Coenraadt "Coen" Moulijn (15 February 1937 – 4 January 2011) was a Dutch footballer who played for Feyenoord from 1955 to 1972 and was part of their European Cup victory in 1970.

Club career
Compared to Stanley Matthews and Garrincha, Moulijn was considered one of the most talented leftwingers in Dutch football history. Johan Cruyff added him to his alltime favorite Dutch national team, stating that "Coen mastered one movement better than anyone: threatening to pass his opponent through the center, and then speeding past him on the other side. He was an exceptionally talented football player. A typical product of the Dutch school."

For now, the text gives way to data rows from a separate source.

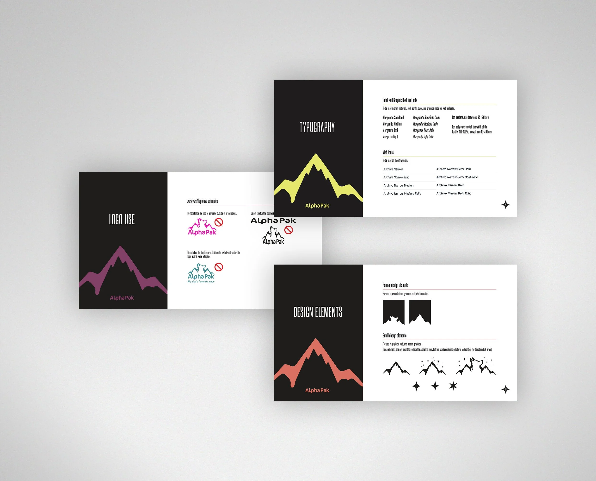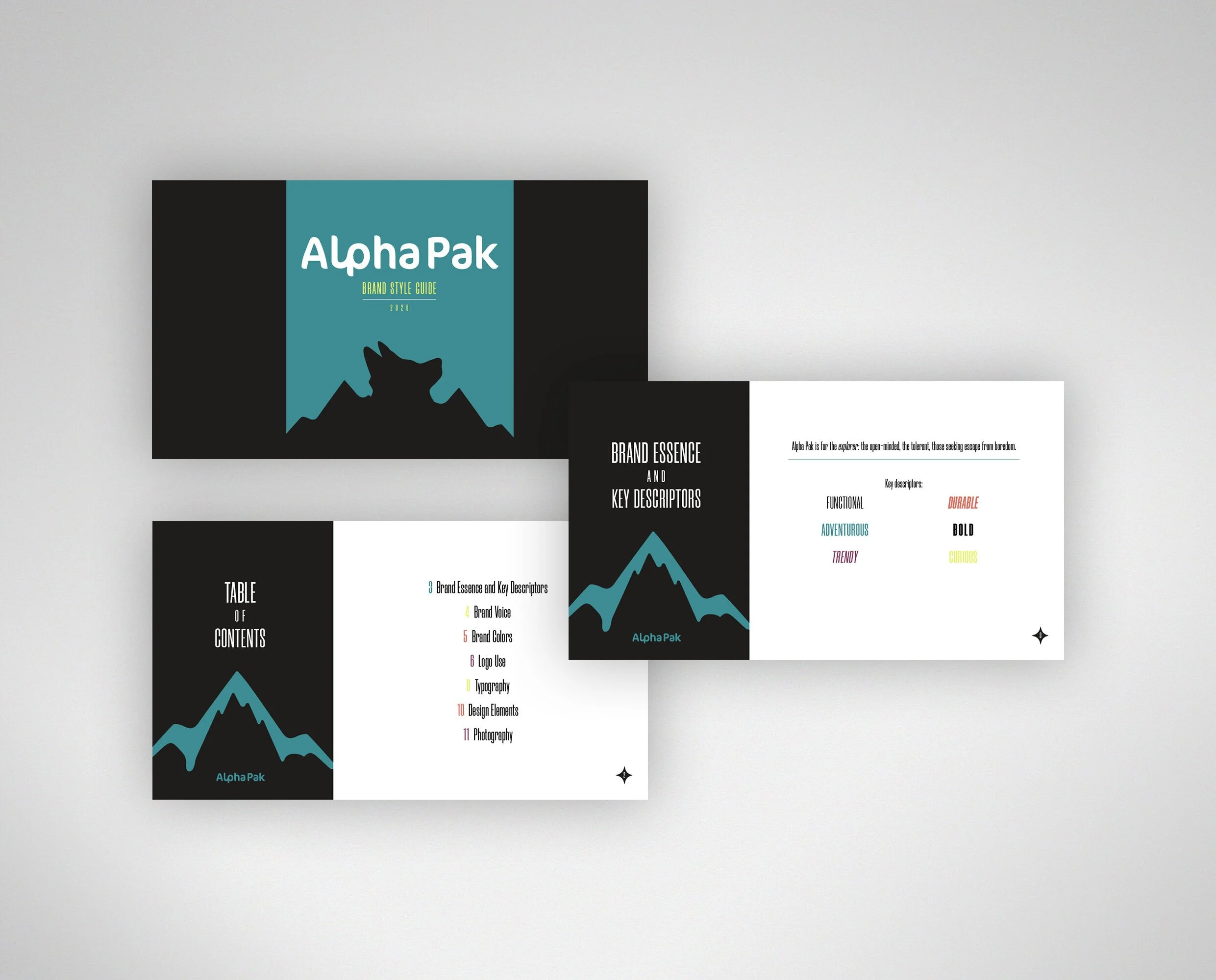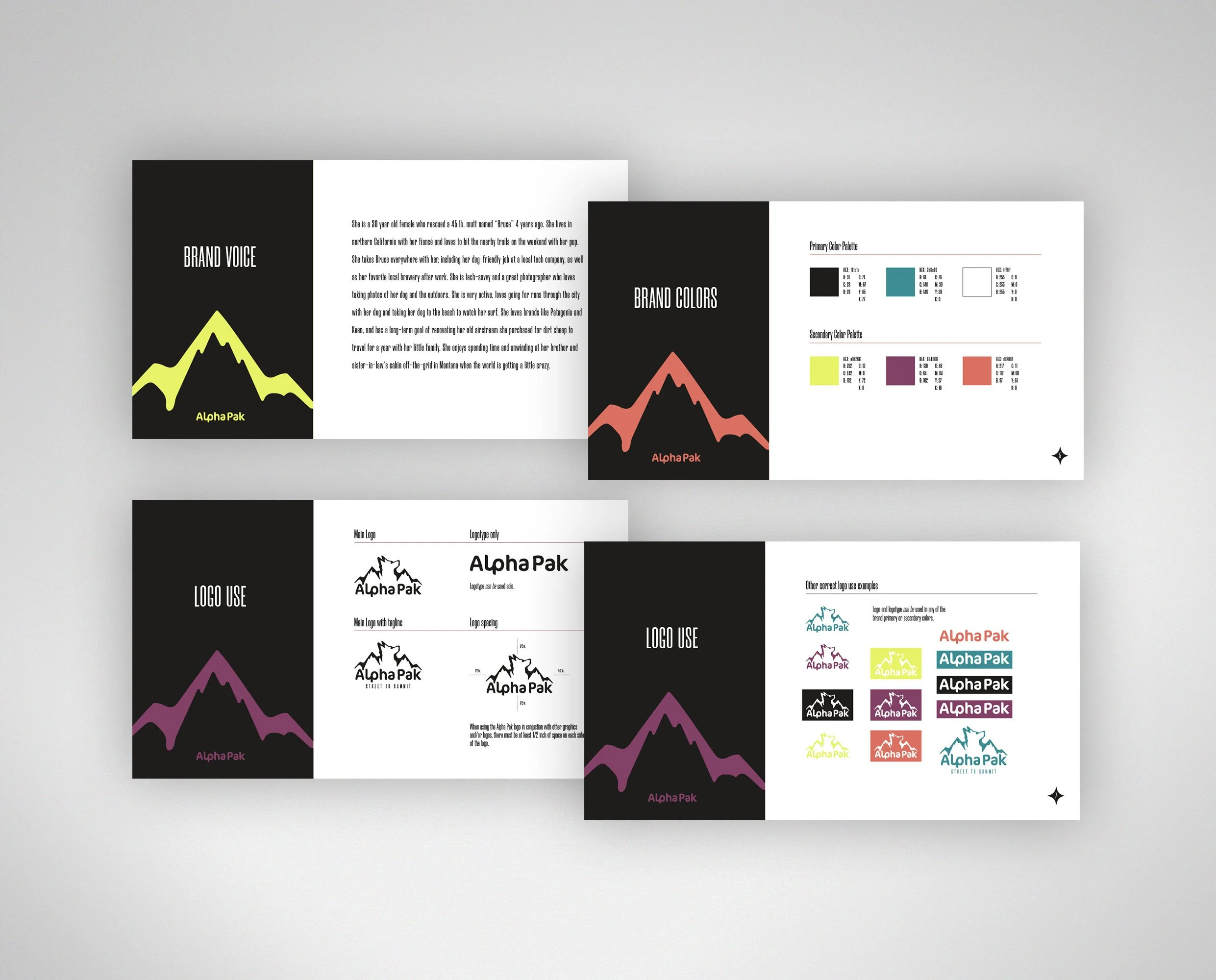 The only asset we had to support the Alpha Pak brand was the logo. So, I was asked to build the brand aesthetic. That included choosing brand typography, colors, and developing design elements from what we had. Once I chose all of those things and designed some supplementary assets, I built this brand book, complete with all of the essentials to get the brand running and consistent on all platforms.
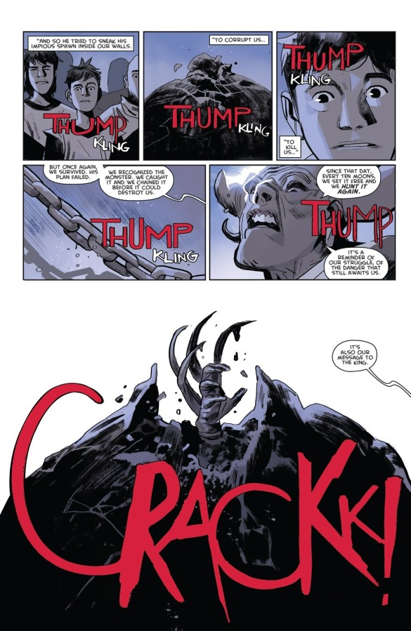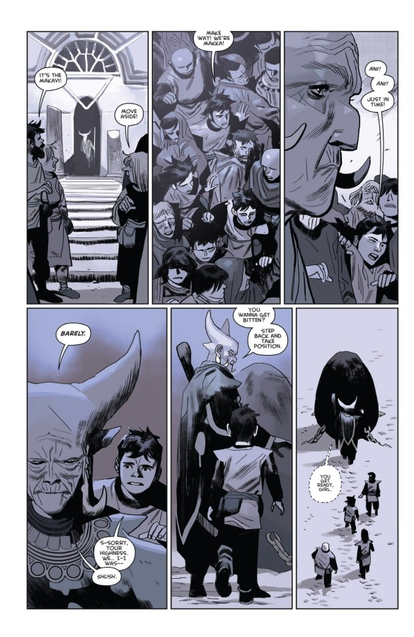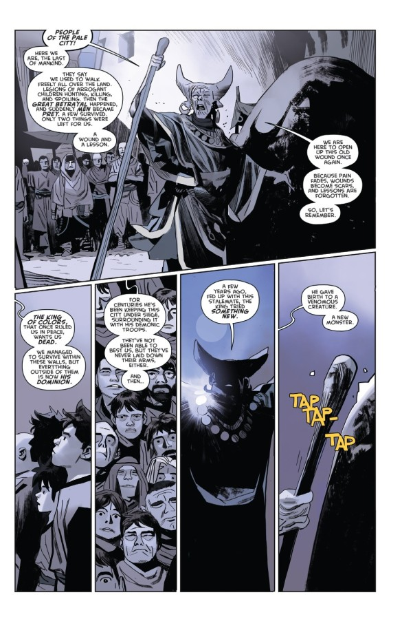 En la parte del dibujo hemos tenido una de cal y otra de arena. Lo positivo es que Lorenzo De Felici, acompañado por Patricio Delpeche en el color, es espectacular. De Felici es un artista que me encanta desde su descubrimiento en Oblivion Song, y ha creado toda la personalidad gráfica de este mundo, lleno de personajes memorables y reconocibles empezando por los protagonistas Darak y Solila. De Felici tiene un estilo centrado en la narrativa y en contar la historia de la forma más clara posible, y consigue que la lectura de este comic sea un placer.
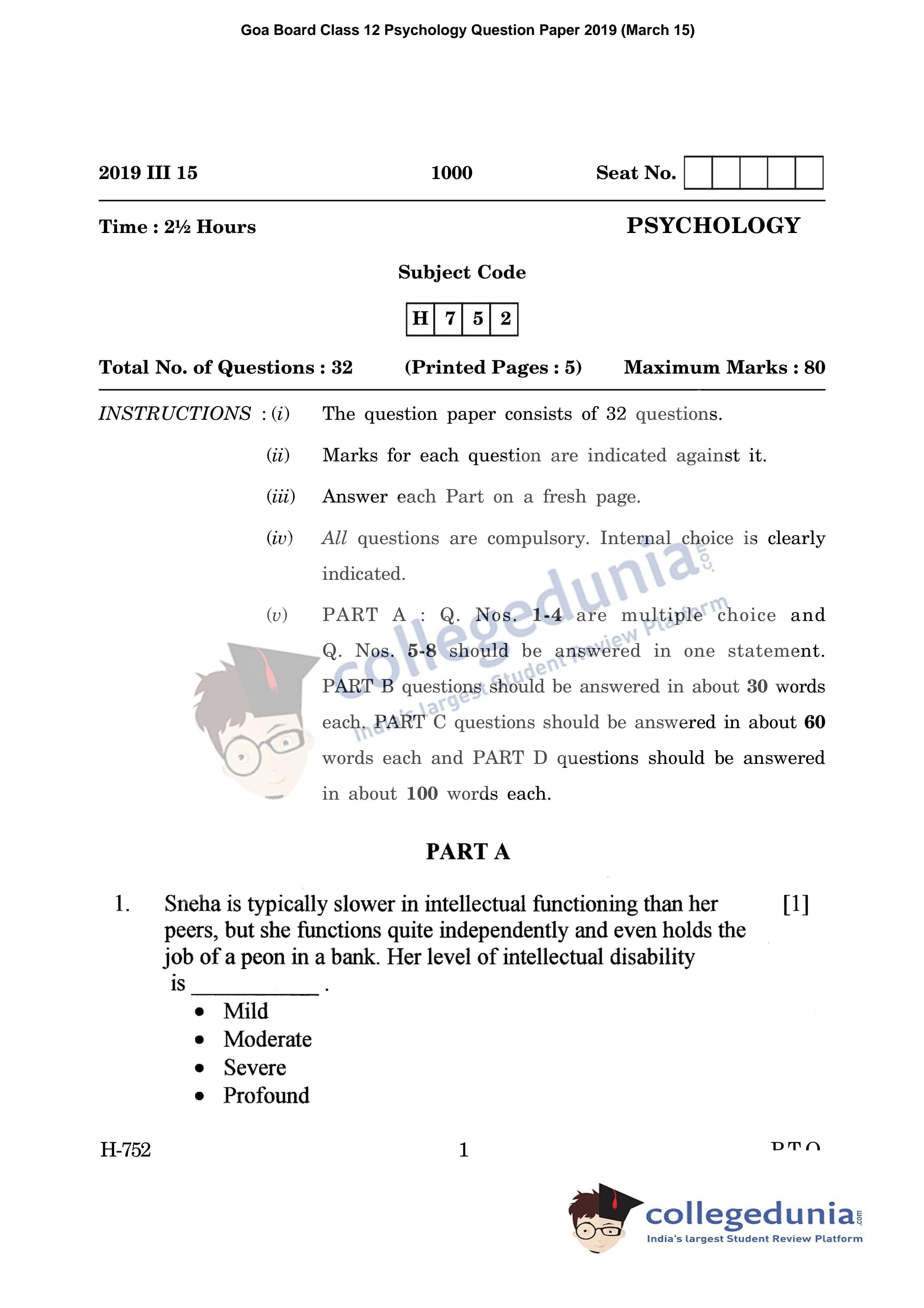 Goa Board HSSC Psychology Question Paper 2019 with Answer Key (March 15)

Hans Kraay was a tough defender in Feyenoord in those days. "Coen was unique. Coaches tried to tell him how to play but he’d shrug and do his own thing. Like Messi. He played on intuition. His move to the inside was unique. He was able to make the opponent stand stiff like a puppet and he’d race past him. He didn’t look like much though. When I saw him first up close I didn’t even recognize him. He looked like an accountant."

Rinus Israël: "He was a modest, hardworking man. I think the fans loved him because of that too. Whenever Coen would have ball possession, people would get religious experiences. I think he was the best Feyenoord player ever."

Wim Jansen: "Coen was tremendous. I dare to say that in pure football skills he was as good as Johan Cruyff. Johan was a leader and would impact the whole team, whereas Coen was an individual player, but man oh man, was he good."

Moulijn played in the 1950s to the 1970s as left winger for the Rotterdam club Feyenoord. He starred when the team won both the European Cup and the Intercontinental Cup in 1970. He earned 38 caps and scored 4 goals for the Netherlands national football team.

Personal life

On 28 July 1961, Moulijn married Lenie Waterreus. He was struck by a cerebral infarction on New Years Day 2011 and died three days later.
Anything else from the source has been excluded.